MiniMax multilingual
English to Japanese to Spanish streaming language switching
0:00
"Welcome to our service. Our AI seamlessly bridges the gap between cultures in real-time. 日本語でもサポートできます。言葉の壁を越えて、世界中の人々と自然につながることができます。También ofrecemos soporte en español. Porque creemos que la comunicación global debe ser así de simple."
Try now

Why naturalness drives engagement

MiniMax Speech 2.6 Turbo ranks at the top of Artificial Analysis Arena in blind human evaluation. The model is trained on Talkie conversation data, where 150 million users chose to engage with AI voice for sessions averaging more than 90 minutes. Instead of learning from audiobook and podcast narration, MiniMax Speech 2.6 Turbo learned from real dialogue, which produces different prosody, pacing, and emotional range.

Teams building AI native voice products choose models where voice quality directly drives completion rates. A customer service agent can have correct intent recognition and strong LLM reasoning, but synthetic delivery still causes users to drop. MiniMax Speech 2.6 Turbo is now available on Together AI with performance isolation and reliability tuned for production workloads at scale.


Technical capabilities

40-plus languages with streaming inline switching

Native-quality speech across major global languages with streaming inline language switching. English, Japanese, Spanish, Mandarin, French, German mid-sentence with authentic accents. The model detects language boundaries and switches with native pronunciation in real time.

Automatic emotional awareness

The model analyzes semantic context and adapts prosody. When your LLM outputs apologetic language, MiniMax adjusts to empathetic delivery. Upbeat greetings sound upbeat. Serious warnings sound serious. This happens automatically across all 40-plus languages without prompt engineering or markup.

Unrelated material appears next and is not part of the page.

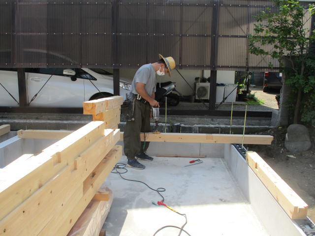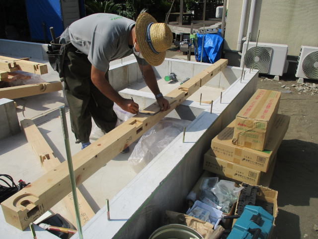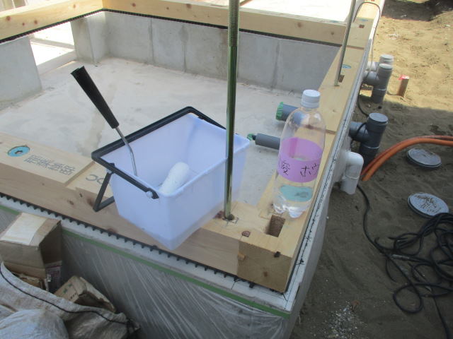 今回はホウ酸処理の現場になりますので、土台の裏を土台敷きの時に塗布しておきます。

MiniMax emotional awareness
Same phrase in empathetic, upbeat, and serious tones
0:00
Empathetic: “I understand. I’m sorry to hear you’re experiencing this issue.”
Upbeat: “I understand! Great question, let me help with that.”
Serious: “I understand. This is a critical security matter.”
Try now

10-second voice cloning

Clone a voice from a 10-second audio sample. That voice speaks 40-plus languages with native accents. The model handles imperfect recordings—background noise, accent, disfluency—and produces fluent output while preserving unique timbre. Create a branded voice for your application and deploy it globally through Together AI. Professional voice cloning services available through Sales.

MiniMax voice original
10-second original sample
0:00
"A specific, you know, a specific piece of information or some event or something on their website or something that they know, hey, when they have this information, they have a much higher propensity to need our products."
MiniMax voice cloning
Multilingual output generated using a sample
0:00
"Now, I am speaking with that exact same voice, created from just ten seconds of audio. 甚至可以用这个声音说中文,音色和说话习惯都完美保留了下来。 Et maintenant, écoutez ma voix en français. Remarquez la fluidité de la prononciation, qui reste fidèle à mon timbre original."
Try now

Sub-250ms latency on Together AI infrastructure

MiniMax achieves sub-250ms latency on Together AI dedicated endpoints. When TTS runs alongside LLM and STT workloads on the same infrastructure, you eliminate cross-vendor network overhead. The complete pipeline from speech recognition through reasoning to synthesis stays fast enough for real-time conversation.

Automatic format handling

URLs, email addresses, phone numbers, dates, and currency amounts convert without preprocessing. Works with LLM output directly without building text normalization pipelines.


Use cases

Customer service agents

Deploy voice agents on Together AI where naturalness determines whether customers complete calls. MiniMax Speech 2.6 Turbo voice quality reduces hang-ups from synthetic detection. Automatic emotional awareness means your LLM focuses on reasoning rather than tone management. Streaming multilingual support means one deployment handles customers switching between English, Spanish, and Japanese.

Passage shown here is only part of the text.